The Golden Lover
- Genre: verse drama
- Running time: 75 mins (8:00 pm – 9:15 pm)
- Country of origin: Australia
- Language: English
- Home station: 2FC
- Syndicates: ABC
- Written by: Douglas Stewart
- Directed by: Fred Clewlow
- Original release: January 24, 1943

= The Golden Lover =

1943 Australian verse drama

The Golden Lover is a 1943 Australian verse drama by Douglas Stewart. It was based on an ancient Māori legend. Stewart was from New Zealand.

== Background ==
It won the ABC's Verse Drama competition. A number of plays from this competition were produced by the ABC: The Real Betrayal, by Isobel Andrews; We're Going Through, by T. Inglis Moore; It Has Happened Before, by Dorothy Blewett; Mined Gold, by Douglas Worrall Purnell; Succubus, by Catherine Duncan; The Unmapped Lands, by Elisabeth Lambert; Brief Apocalypse, by Kenneth Mackenzie; Fear, by Ruth Bedford; With Wings as Eagles, by Edmund Barclay and Joy Hollyer; Richard Bracken-Farmer, by Wolfe Fairbridge.

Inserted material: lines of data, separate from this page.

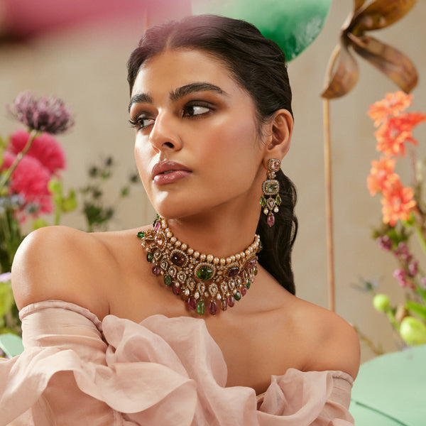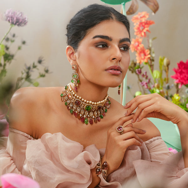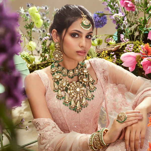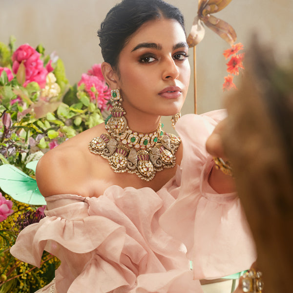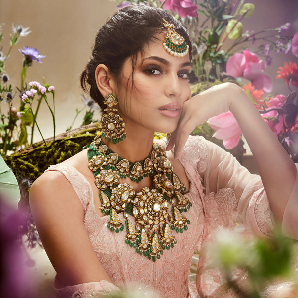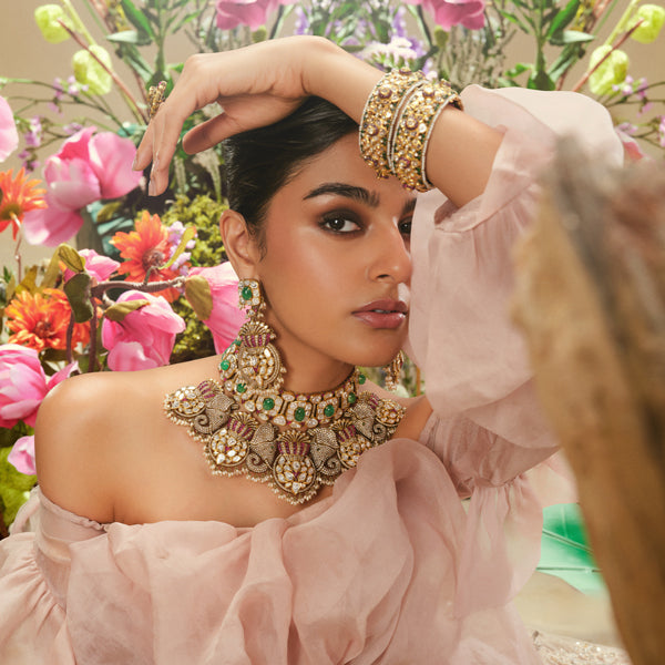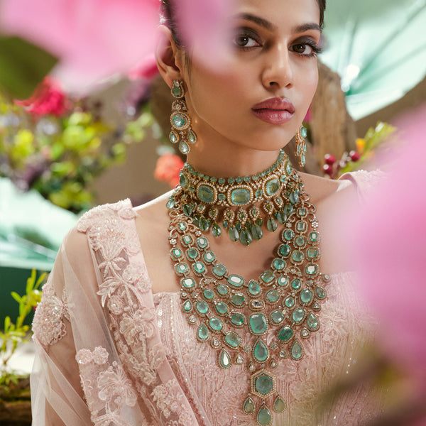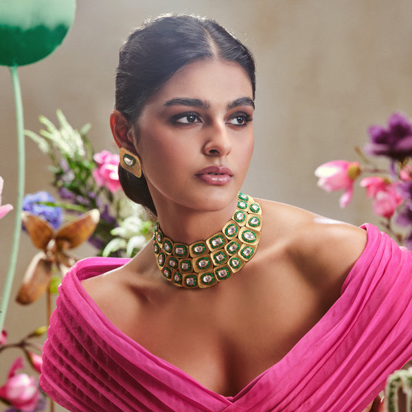 Inspired by the historic Blue Mosque of Istanbul, the Mihrab collection in gold, with its intricate motifs and pastel-hued enamel work, is an ode to the Persian art and architecture. The ‘meenakari’ craftsmanship is accentuated by the warm glow of 22 karat gold that sets off the colors beautifully. Culturally rich and unique, the Mihrab jewellery ties an enduring art form with novel designs.
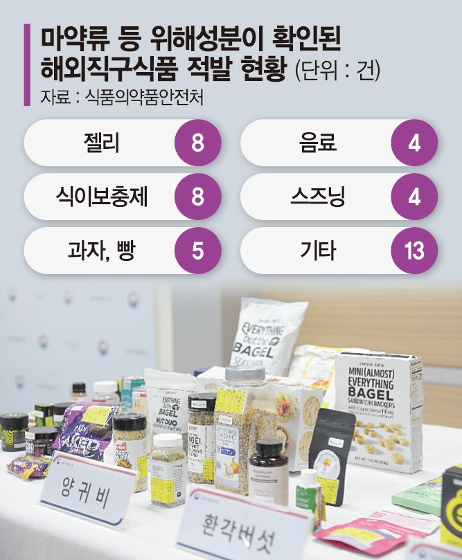 이중 양귀비 성분인 모르핀, 코데인, 테바인과 환각버섯 성분인 사일로신이 검출된 것은 처음이다. 적발된 해외직구식품 유통업체 중에는 미국 유명 잡화점 트레이더 조 등도 포함됐다. 식약처는 모르핀과 코데인, 테바인, 사일로신을 국내 반입 차단 대상 원료·성분으로 신규 지정·공고했다.
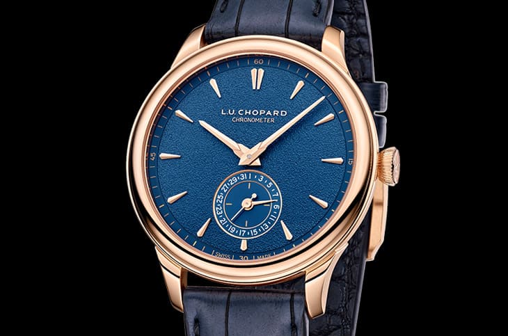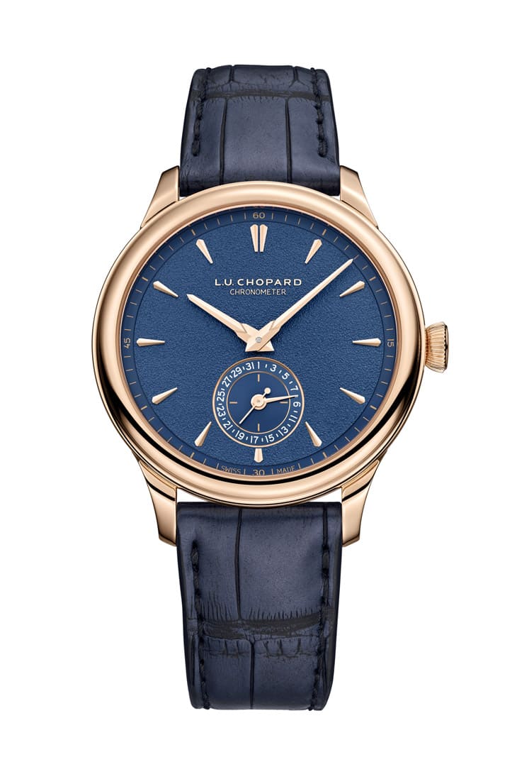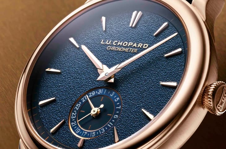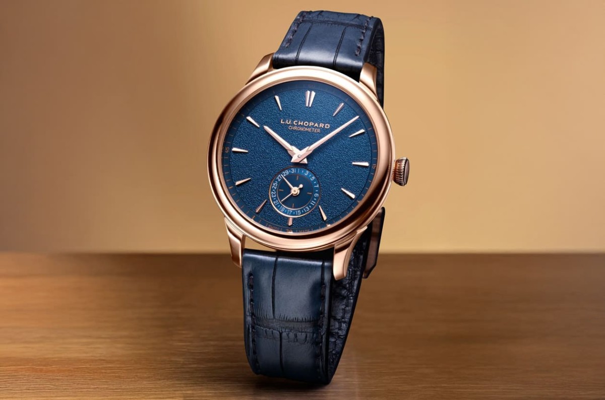 面盘可说是这款25周年纪念版最令人眼前一亮的地方,萧邦选择了电镀深蓝色的黄铜材质,并施以雾面粒纹处理,让蓝色看起来不浮夸,反而呈现深邃与沉稳,当玫瑰金指针与时标映照其上时,对比效果极为鲜明,既优雅又富现代感;与过往版本相比,这次在设计上做了大幅度的简化,动力储备显示被移除出面盘,转而安置在机芯背面,这一巧思使得整体视觉更纯粹,并将焦点集中在时间本身,6点钟方向的下陷小表盘,则同时兼具小秒针与指针式日期显示功能,这个设计不仅实用,其装饰细节也相当讲究:中央蜗形纹搭配外圈拉丝处理,中间以倒角分隔,细腻而立体。L.U.C Quattro手表的面盘设计,正好展现了「少即是多」的哲学,它不追求满版的复杂感,而是以极简线条与精致细节达到高级感,将蓝与金的组合,转化为雋永的视觉体验。
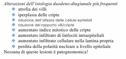 reperto istologico della biopsia intestinale, eseguita durante dieta libera, caratterizzato da atrofia dei villi, iperplasia delle cripte, anomalie dell'epitelio intestinale di superficie con aumento del numero dei linfociti intraepiteliali;
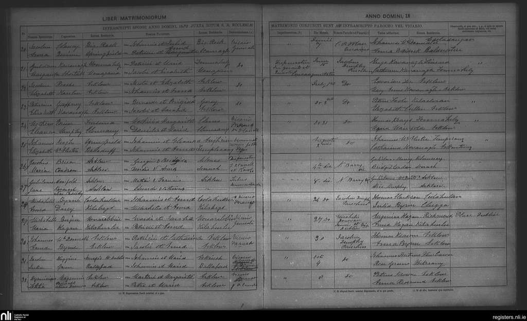 Arklow; County of Wexford, Wicklow; Archdiocese of Dublin. Marriages, June 1880 to Oct. 1880
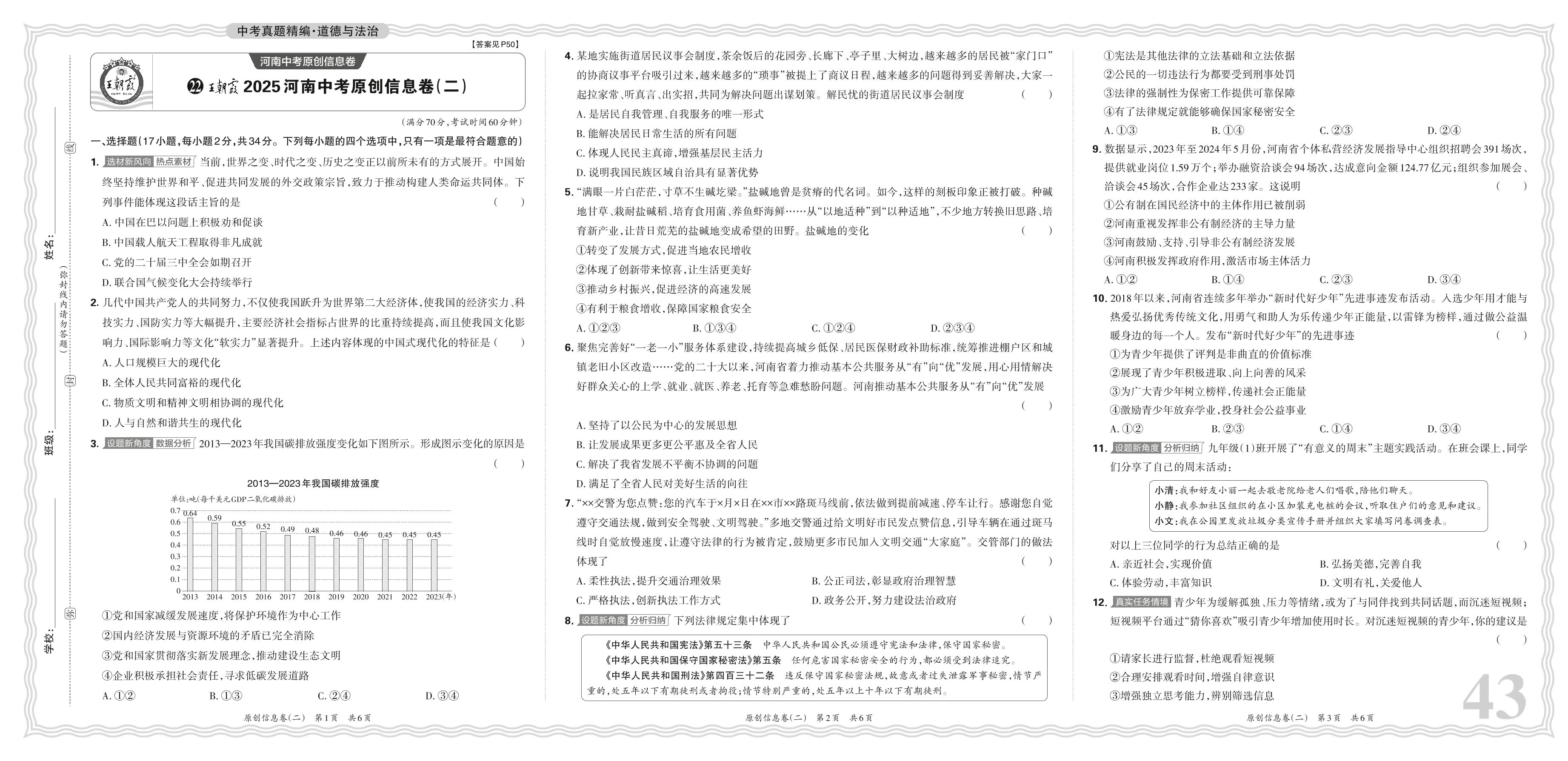 中考道德与法治·王朝霞2025河南中考原创信息卷(二)【22】
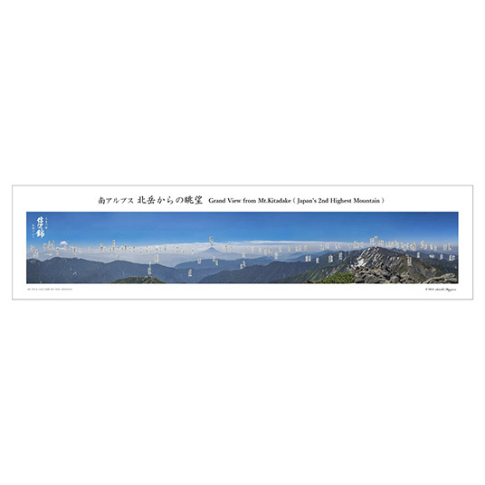 こだわりの原料米のみを使った食中向けのスッキリとした辛口純米酒。蔵元 宮島敏が自ら撮影した南アルプス「北岳」山頂からのパノラマ写真を、商品ラベルの内側に簡単に切り離せるように巻き付けました。そこに、富士山や南アルプスなど、北岳山頂からの景色を高解像度でお楽しみ戴ける横幅1.2メートルの長尺サイズのパノラマ写真をセットにした特別品です。パノラマ写真には、山の名称と標高も記載してありますので、山好きな方への贈り物にいかがでしょうか
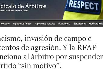 En el descanso me percato que dos aficionados, siendo identificados como aficionados del equipo local por sus cánticos y sus gritos, se colocaron en la bocana de vestuario al lado de mi asistente número 2 amenazándolo con insultos racistas diciéndole: “Tú lo que eres un moro de mierda” y con que lo van a agredir alzando el puño en alto en forma de amenaza con agredirlo físicamente sobre su rostro, llegándole a lanzar el puño sin llegar a impactarle.En el minuto 72 me llama mi asistente número 1 para comunicarme que un aficionado se le dirige con insultos racistas en los siguientes términos: “Tú lo que eres un machupichu de mierda”, “Lo que tienes que hacer es irte a tu país machu de mierda”, llegándole a escupir dos veces en la espalda.El encuentro se suspendió en el minuto 77 debido a que invadieron el terreno de juego varias personas identificadas como aficionados del equipo local debido a sus indumentarias, porque poseían el escudo del equipo local, empezando una trifulca con los jugadores del equipo visitante, intentándolos agredir y amenazándolos. Viendo lo ocurrido en el terreno de juego doy por suspendido momentáneamente el encuentro viendo que peligraba la integridad física de los jugadores del equipo visitante, mis dos árbitros asistentes y mi integridad física. Una vez en el vestuario comunico al delegado del equipo local que llame a las fuerzas de orden público para intentar reanudar el encuentro. Pasados varios minutos en el vestuario arbitral, se presenta el señor _________________, identificándose como presidente del club local y comunicándome que han llamado a las fuerzas de orden público y que no sabe si van a poder presentarse en las instalaciones. Pasados unos 15 minutos desde que se presentó el presidente del equipo local y viendo que no aparecía ninguna persona de las fuerzas de orden público me percato yo personalmente a llamarlas para poder saber si se iban a presentar en las instalaciones, comunicándome las fuerzas de orden público que no habían recibido ninguna notificación ni llamada del presidente del equipo local sobre lo sucedido y presentándose a los 7 minutos después de mi llamada las fuerzas de orden público. Una vez que se presentan las fuerzas de orden público en las instalaciones me comunican que no pueden permanecer en ellas, no pudiéndome asegurar mi seguridad ni la de mis asistentes durante lo que restaba de encuentro, teniendo que dar el partido por suspendido finalmente, acompañándonos hasta el vehículo arbitral.EL SINDICATO DE ÁRBITROS PIDE LA DIMISIÓN DE EDUARDO HERRERA Y SU JUNTA DIRECTIVA. ...con este vergonzoso relato en el que encontramos intentos de agresión, invasiones de campo, el engaño del presidente local, la imposibilidad de garantizar la integridad de los asistentes por parte de las FOP y un racismo que ya es motivo suficiente para suspender un partido, el Comité de Competición decidió sancionar al árbitro con una multa económica y un mes de inhabilitación, además decidió reanudar el partido cargando los costes al Comité de Árbitros. El motivo, que el árbitro no tenía motivos para suspender el partido y no agotó todas las opciones, increíble. Lean la resolución:POR PARTE DE ESTE COMITÉ SE ACORDO EN LA REUNION DEL PASADO 03/03/16 :1º.- DAR TRASLADO A AMBOS CLUBES Y AL ARBITRO DEL PARTIDO PARA QUE EN EL PLAZO DE TRES DIAS REALIZARAN LAS ALEGACIONES QUE A SU DERECHO ESTIMASEN OPORTUNAS.2º.- SE ACUERDA CITAR ANTE ESTE ORGANO EL MIERCOLES 09/03/16, A LAS 18;15 HORAS A D. _____________________________ (ARBITRO DEL PARTIDO), Y A LOS DELEGADOS DE AMBOS CLUBES D. ___________________________ (FLORIDA C.D. U.D.) Y ______________________ A. (C.D. GUADIARO).EN EL EXPEDIENTE CONSTAN LAS ALEGACIONES COMO ASI MISMO LAS PRUEBAS TESTIFICALES REALIZADAS.A LA VISTA DE ELLO SE ACUERDA:1º.- LA REANUDACION DEL ENCUENTRO DESDE EL MINUTO 77 CON EL RESULTADO DE EMPATE A DOS GOLES.2º.- DICHA REANUDACION SERA EL PROXIMO DOMINGO 20/03/16 A LAS 12´30 HORAS, EN LAS INSTALACIONES DEL CAMPO MUNICIPAL “ANDRES CHACON” DE LA LOCALIDAD DE LA BARCA DE LA FLORIDA.3º.- PARA LA ALINEACION DE JUGADORES SE ATENDERA A LOS DISPUESTO EN EL ART. 161 DEL REGLAMENTO GENERAL DE AL RFAF.4º.- LOS GASTOS DE LA REANUDACION CORRERAN A CAGO DEL CTAAF AL NO HABER AGOTADO EL ARBITRO DEL PARTIDO TODOS LOS MEDIOS NI ACREDITARSE LAS CAUSAS DE LA SUSPENSION DEL MISMO.5º.- EN CUANTO AL ARBITRO D. ___________________________, AL NO HABER AGOTADO LOS MEDIOS PARA EVITAR LA SUSPENSION DEL PARTIDO, COMO ASI MISMO NO EXISTIR CAUSA JUSTIFICADA PARA ELLO, Y EN BASE AL ART. 49.1.b, SE LE INHABILITA POR UN MES Y MULTA ACCESORIA DE 36€.
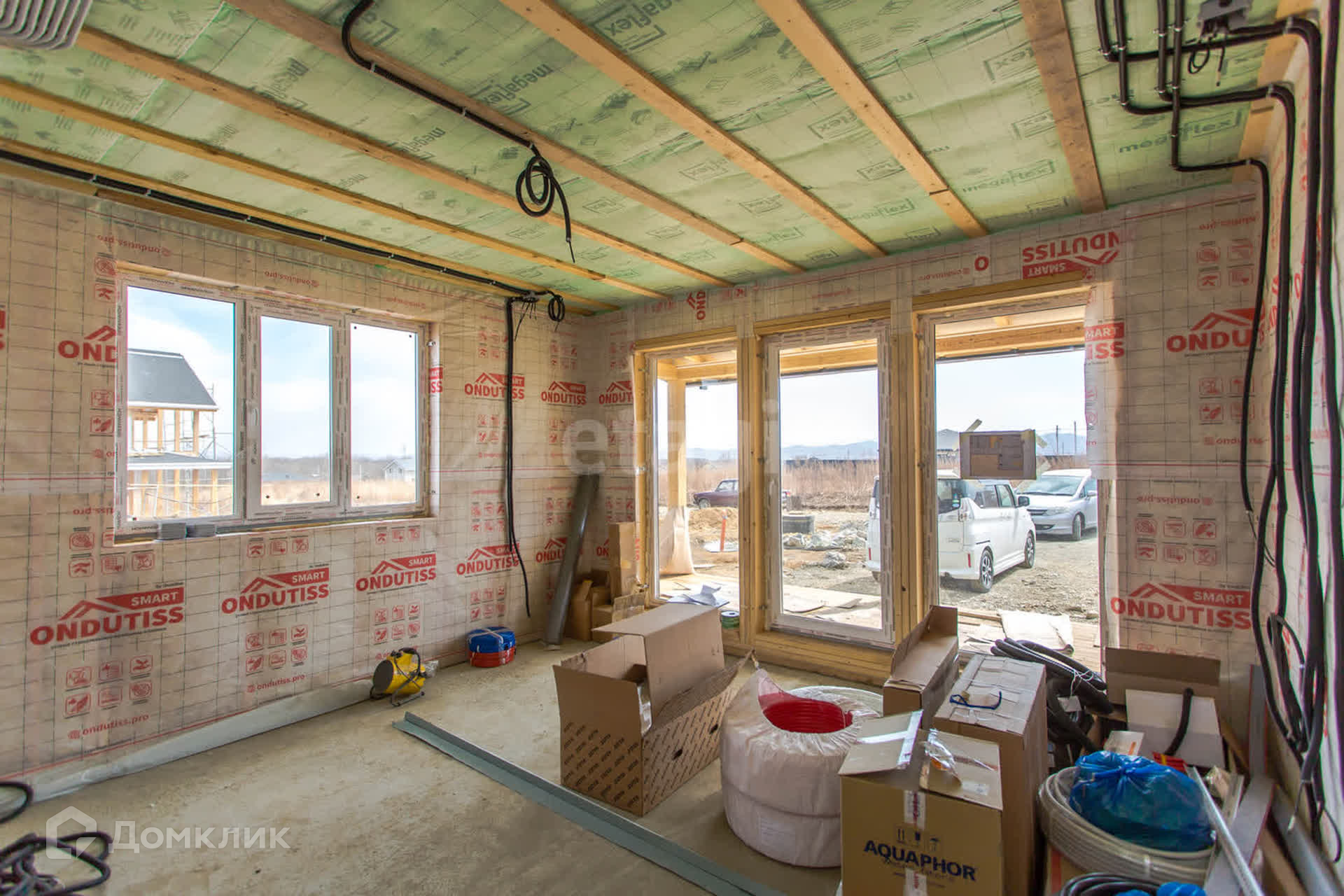 - Несущие стены - из доски камерной сушки толщиной 150мм (не нуждается в обработке антисептиком), толщина утепления (стен/перекрытия/кровли) 200мм (минвата Изовер)
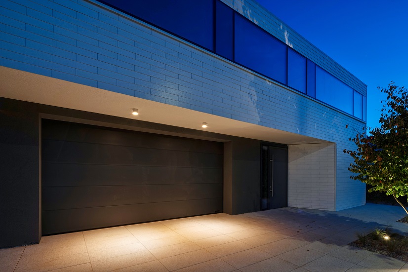 W garażu zastosowano bramę segmentową WIŚNIOWSKI PRIME – rozwiązanie klasy premium, które łączy design, bezpieczeństwo i doskonałą izolacyjność termiczną. Jej gładka, grafitowa powierzchnia stanowi naturalne przedłużenie elewacji parteru, podkreślając minimalistyczny charakter bryły. Dzięki innowacyjnym rozwiązaniom konstrukcyjnym, brama PRIME gwarantuje cichą pracę, szczelność oraz wysoki komfort użytkowania.
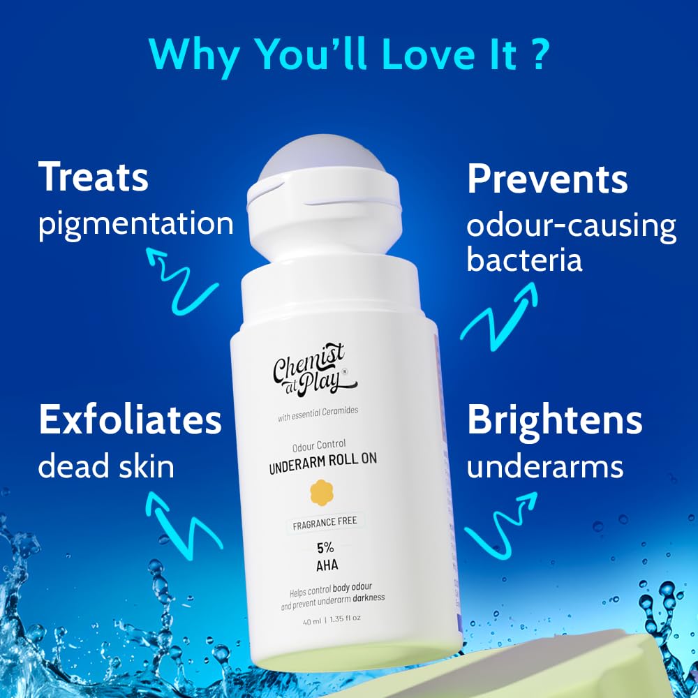 - GENTLE EXFOLIATION: Our underarm roll gently exfoliates the skin as itβs enriched with 4% Lactic Acid + 1% Mandelic Acid. This also helps even out the skin tone and fades spots/patches on the skin, if any.

The play was published in a collection of Stewart's works in 1945. Reviewing this, Leslie Rees called the play:
A comedy of Māori life, faithful in its simple setting, while psychologically it is as sophisticated as a town piece by Congreve. It is the story of an ill-married girl and her dream lover, a man of the patu paiarehe, “tall as a tree,” and of her choice between drab reality and glamorous escape. Its moods vary from boisterous belly-laughter to passionate or lyric love-making. The printed text is much longer than that broadcast—perhaps too long, although the eye is less irritated by repetition than the ear. Like the other work, this one has classic quality, the verse rising from the colloquial to the enchanted, full of lovely things. Romantic in mental colouring, Stewart finds themes in historical subjects, but to their dramatic illustration he brings nostalgic overtones and understanding, lent from his own rich sense of the beauty and ardour of life, not borrowed from a literary heritage. Hence he is an original.
The play was produced by the ABC in 1943, 1948 and 1957.